The INR1.5bn (€23m) facility, which was unveiled last week, will make sterile injectables including antibiotics like cephalosporins which, according to company director Alok Saxena, “offer a good opportunity both for the domestic as well as export markets.”
The global market for injectables is growing at a rate of around 11 per cent a year and is predicted to reach a total value of $245bn with generics generating around $500m a year, according to figures quoted by the Economic Times.
These numbers clearly support Eldar's belief in the market's potential as does Pfizer deal with Strides last month in which the US major cited expansion into generic injectables as a key driver for the agreement.
Injectables aside, Elder's new facility will provide the firm with other benefits according to Saxena. He said the firm plans to centralise the production of syrup-based drugs in Dehradun in a move expected to provide significant cost advantages.

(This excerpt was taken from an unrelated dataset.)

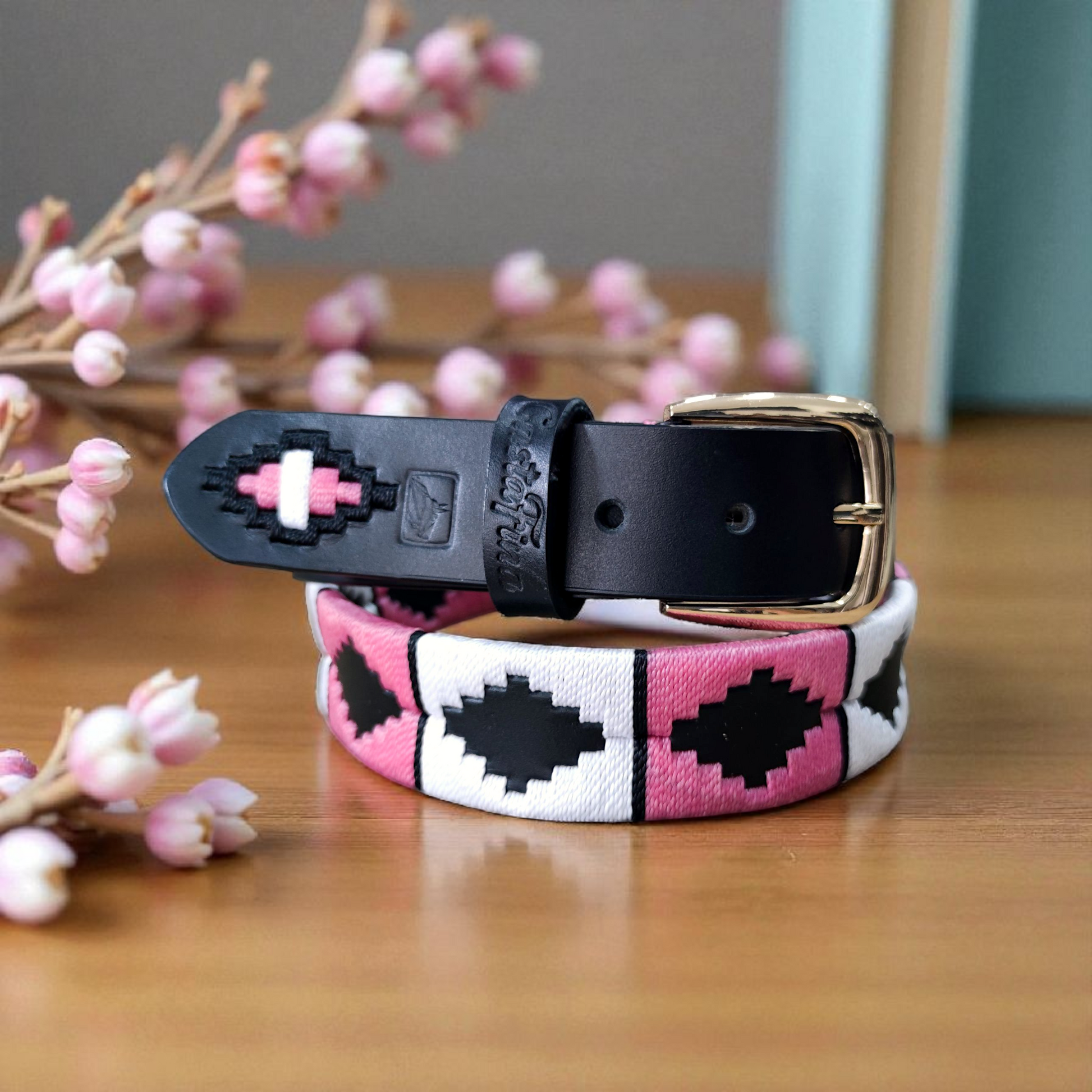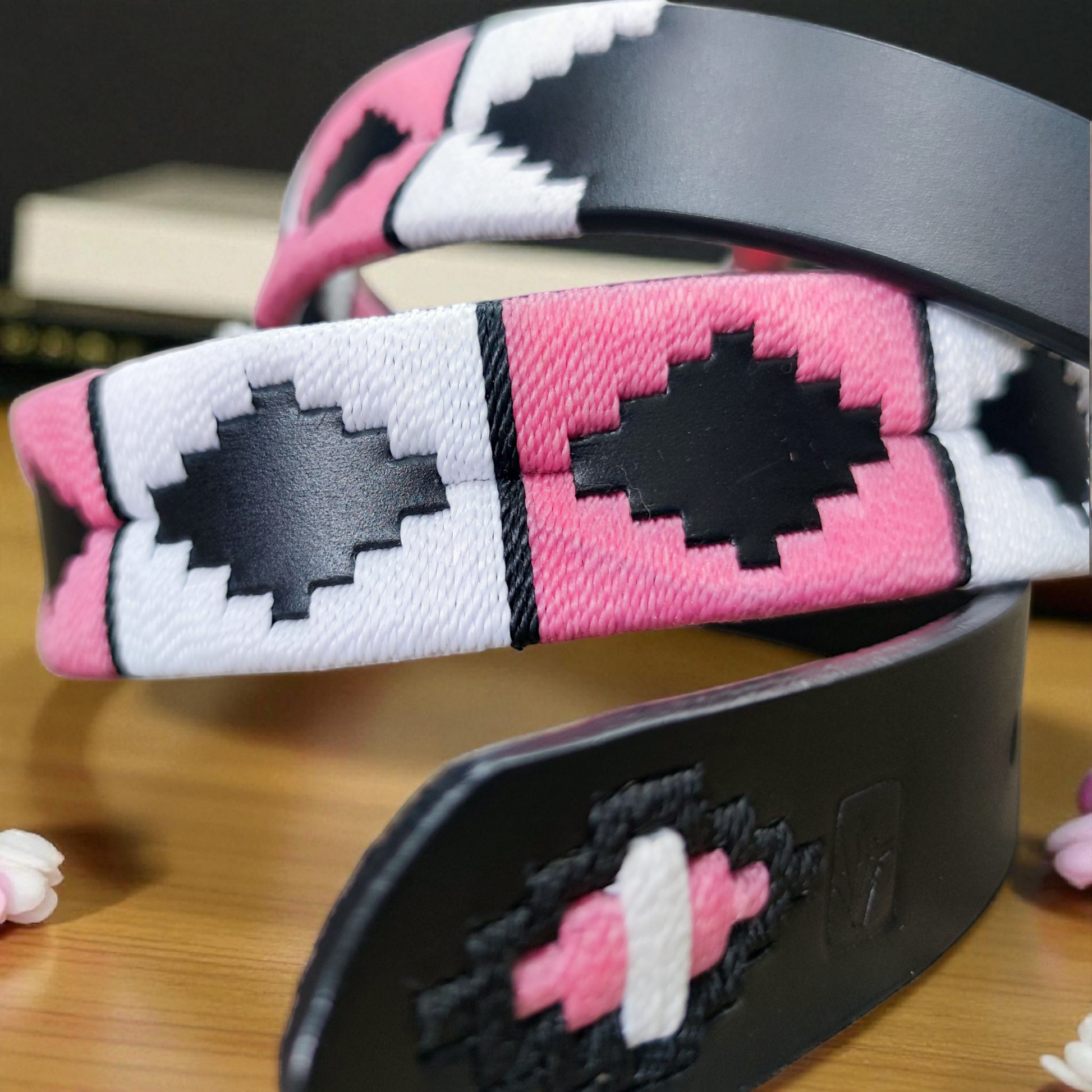 ALBA ROSA es esa pieza que mezcla suavidad, actitud y un toque de misterio en cada detalle. Un cinturón femenino, vibrante y con carácter, tejido a mano en tonos rosa intenso, blanco puro y negro profundo sobre cuero negro legítimo.

He added that: “We expect the new facility to add 15 per cent to our revenues,” which grew 28 per cent last year on significant gains made by key products like Shelcal, Chymoral Forte and Formic-O.
Tax exempt zone
Elder also believes that new facility’s location in one of India’s “excise benefit zones” where taxes are not levied pharmaceuticals that are shipped overseas will help its efforts to grow outside India.
The firm is the second Indian drugmaker to have highlighted the benefits of these zones in as many weeks, following hot on the heels of Sohm India which formed a partnership with a manufacturer based in Himachal Pradesh.
In related news, operations at Elder’s subsidiary in Bulgaria began today. The unit, which is one of three acquired in the country, will be responsible for the distribution of the firm’s drug products nation wide.